The quantitative PCR contained 10 µl SensiFast (Bioline), 0.8 µl of forward and reverse primers, cDNA(1 µl for FLNA, 0.5 µl for CLU and CAP1), and 7.4 µl distilled water in a total volume of 20 µl. The reactions were carried out on QuantStudio 6 (Thermo Fisher Scientific) according to the manufacturer’s protocol. PCR conditions were as follows: denaturation at 95 °C for 2 min with 45 cycles, annealing at 59 °C, 55 °C, 59 °C for CLU, FLNA, CAP1, respectively for 30 s. Fluorescence signals from the amplified product were detected at the end of the annealing step. Duplications were done on available and unamplified samples. The Ct value was set to 45 if the sample did not show any amplification twice. In this study, the housekeeping gene or the reference gene, that was used is glyceraldehyde 3-phosphate dehydrogenase (GAPDH). We used this gene to test and analyze alongside our interested gene (CLU, FLNA, and CAP1).

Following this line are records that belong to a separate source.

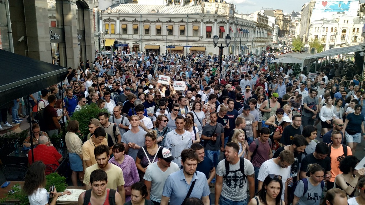18:29 Блогер Илья Варламов: «Протестующие дошли до Садового кольца с Цветного бульвара и полностью заблокировали Садовое кольцо. Народу, наверное, несколько тысяч, пока непонятно. Полиции нету, два экипажа ДПС, но они, конечно, ничего сделать не могут»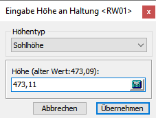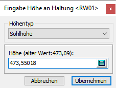 Wählen sie den Höhentyp und geben Sie den gewünschten Höhenunterschied ein. Dabei muss der eingegebene Wert größer gleich 0 und kleiner gleich der Differenz von Deckelhöhe und eingestelltem Horizont sein, damit er als gültiger Wert akzeptiert wird. Die Eingabe erfolgt im Dialog.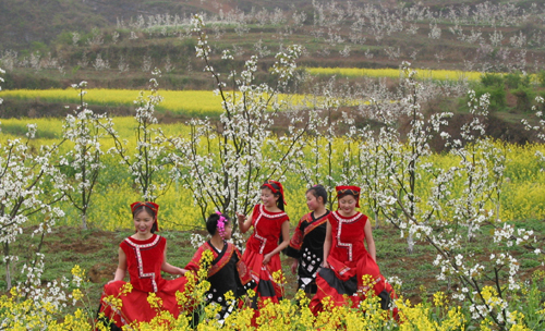 在油菜花的衬托下,雪白的梨花与身穿少数民族服装的少女相映成趣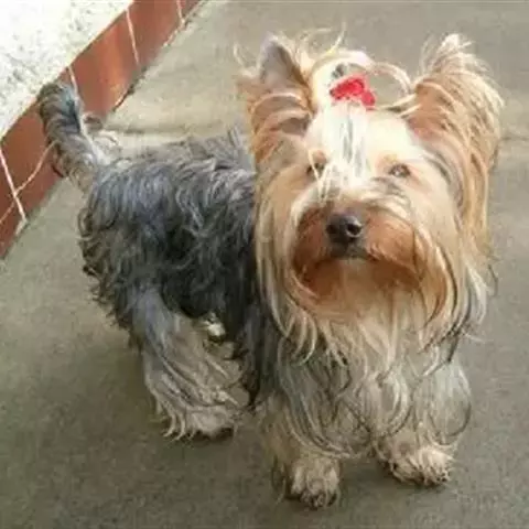 澳洲丝毛梗(Australian Silky Terrier ),又名丝毛梗(Silky Terrier),悉尼丝毛梗(Sydney Silky)。身高23厘米 体重4-5公斤。体态娇小轻盈,机敏活泼,拥有典型的梗犬特点。尖耳竖立,两耳间的头骨很宽 竖直的耳朵 楔形的头骨,平直的中长背部,如猫般的小脚,眼睛细小。披毛如绢丝一样从背上等长垂散下来,富有光泽,其长度达15厘米左右。一般说来,以头顶之毛浓密长披,而脸、耳之毛稍短者为好。身体上分布毛色有蓝,黄,灰,银等,头后部、身体呈银色、蓝灰色、蓝色,眼睛上部,脸颊及四肢呈亮黄色,头顶为银色等。

The calculation is as follows:

$$ \Delta \Delta {\text{Ct}} = \Delta {\text{Ct }}\left( {{\text{a\,target\,sample}}} \right) - \Delta {\text{Ct}}\left( {{\text{a\,reference\,sample}}} \right) $$

The final result is represented in the folds of change (thus, the equation is in the power of 2 or 2−ΔΔCt) of the interested gene expression in the sample against the reference sample60.

Statistical analysis

Box plot, summary of the dataset (including t-test results of Ct mean of each gene), benchmarks (Accuracy, Sensitivity, and Specificity) heatmaps (confusion matrices) and the Receiver Operating Characteristic (ROC) curves were drawn with python 3.9 program with packages (scipy61, pandas62 and matplotlib63). Ct values of each gene were included into the dataset. For the evaluation of performance, the entire dataset was used for the test. The p-value cut-off for each test was at < 0.05 for results to be statistically significant.

Ethical statement

The research methodology employed in this project was approved by The Institutional Review Board of the Faculty of Medicine, Chulalongkorn University, Bangkok, Thailand (IRB No. 108/60 and 438/60). All study subjects provided written informed consent.